I shook my head. “You talk like these guys are grocery-store avocados. I’m not up for doing any pinching right now.”

Char grinned and stole a bite of my yogurt. “Sorry. I can’t help matchmaking. I love being married. I want everyone to be this happy.” Since I had not yet met Phillip, I thought this was charming. “Oh, I have the perfect one! My neighbor down the street. Davis Whey. He’s so nice. One daughter, Madison. She’s a headstrong little thing, but very darling. He’s been divorced a couple years now, and he’s super, super cute.”

I demurred, changing the subject, but not three days later Char brought Davis to Divers Down, giving me significant, waggling eyebrows as she introduced us. I was polite but cool, shooting Charlotte a quelling look as I asked Davis how I could help him.
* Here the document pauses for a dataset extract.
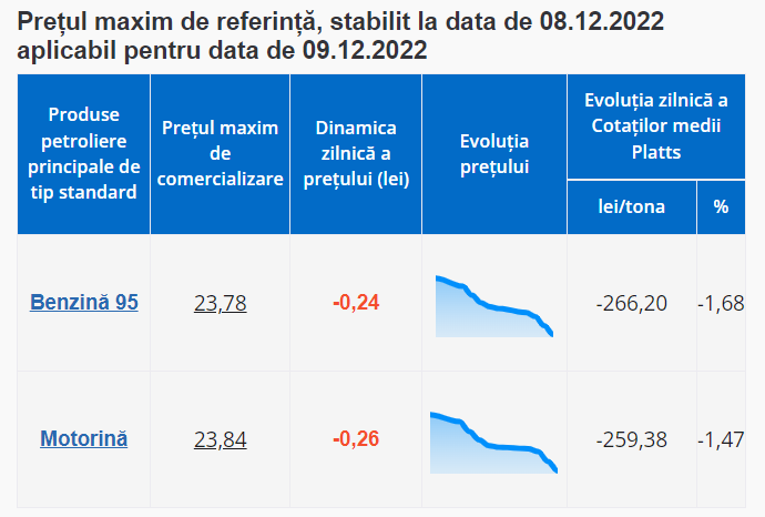 Potrivit informațiilor, vineri, 9 decembrie, benzina se va ieftini cu 0,24 lei, iar motorina cu 0,26 lei. Mai exact, litrul de benzină va costa 23,78 lei, iar litrul de motorină 23,84 lei.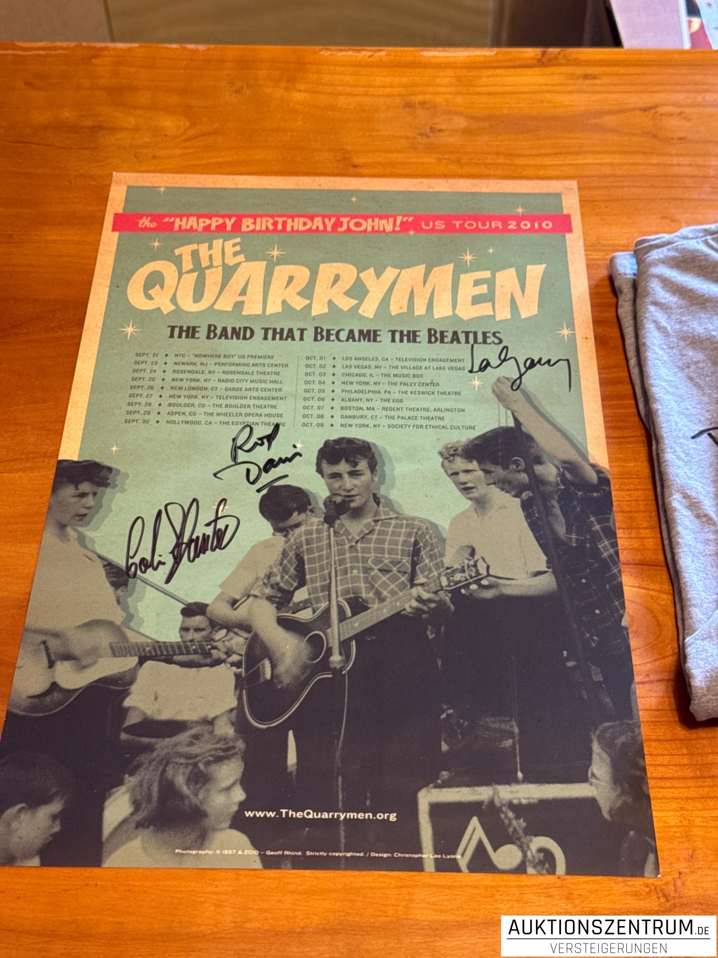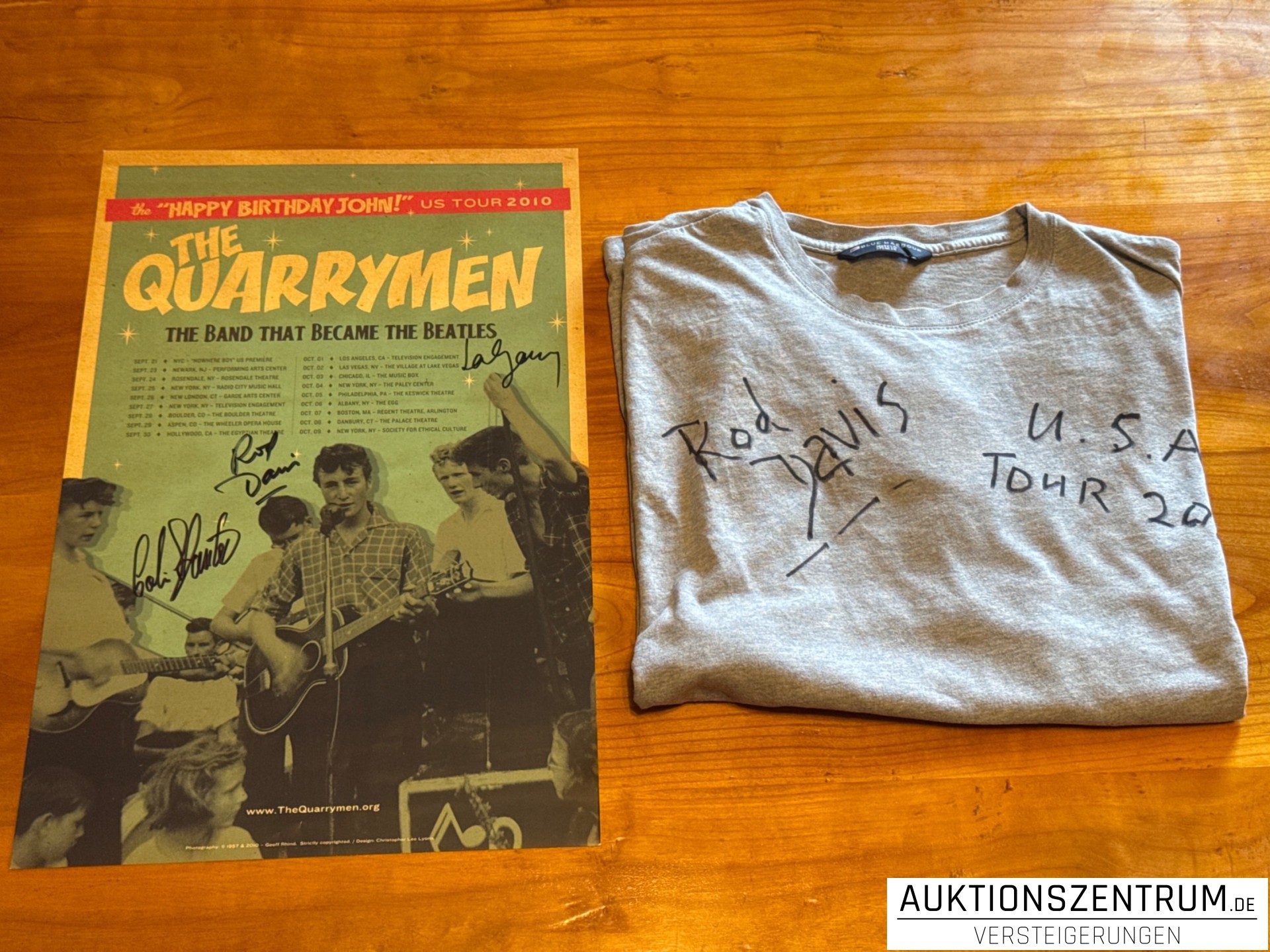 Lot 251 - The Quarrymen signed Poster + Rod Davis used & signed T-Shirt USA Tour 2010

Just then Maddy came slouching up behind them both. Her dark curls were limp and greasy, and her heavy brows were pulled down into a scowl that seemed permanent. I knew she must be nine, ten at most, but she was dressed like the kind of teenager who is busy going bad.

Too-tight jeans, too-short crop top, and she’d drawn spiderweb tattoos all over her arms in Sharpie. Not the kind of creature who inspires love at first sight, but Char presented this sulking kid and her exasperated father to me as if they were Christmas presents.

“This wants swimming lessons,” the man who would one day be my husband said, jerking a thumb at his scowling child.

I didn’t like him calling his kid a this, but she responded, “No, this does not.”

“This is having swim lessons,” he said. “Charlotte says you have a team? A swim team here?”

“Swim team is for nerds,” Maddy said, not to me. Appealing to some higher court.

“Good,” her father said. “Nerds almost never go to rehab or have accidental babies. Be a nerd.”

“Davis!” Char said, shocked.

I didn’t recognize it as wry humor, but Maddy snorted with laughter.

“Gross,” she said. “And anyway, I know how to swim. Miss Charlotte said diving.”

“Wait, do you mean scuba diving?” Davis said, looking around as if he only just now understood what sort of dangerous fun house he had staggered into. “I thought you meant, like . . .” He crossed his hands, leaned a little, mimicking a person diving off a board into a pool.

“Dad, I know how to dive. I want to scuba,” Maddy said.

“That’s insane,” Davis said mildly. “They don’t let nine-year-olds go scuba.”

“Sure we do,” I said, and he turned his skeptical face toward me. It was a good face, I had to give Charlotte that, hiding behind the fusty, 1950s dad glasses. And what looked like a good body, too, buried under the tweed.

“This needs scuba lessons,” Maddy said, pointing at herself, her eyes shining. She broke away from us, heading to the side wall where the wet suits hung in sleek, black rows, dappled with pops and edgings of bright color.

“I’m going to kill you,” Davis said, still mild and calm, to Charlotte.

“If you don’t want Maddy running wild, you need to let her do something she wants to do,” Charlotte said. “Busy kids are happy kids.”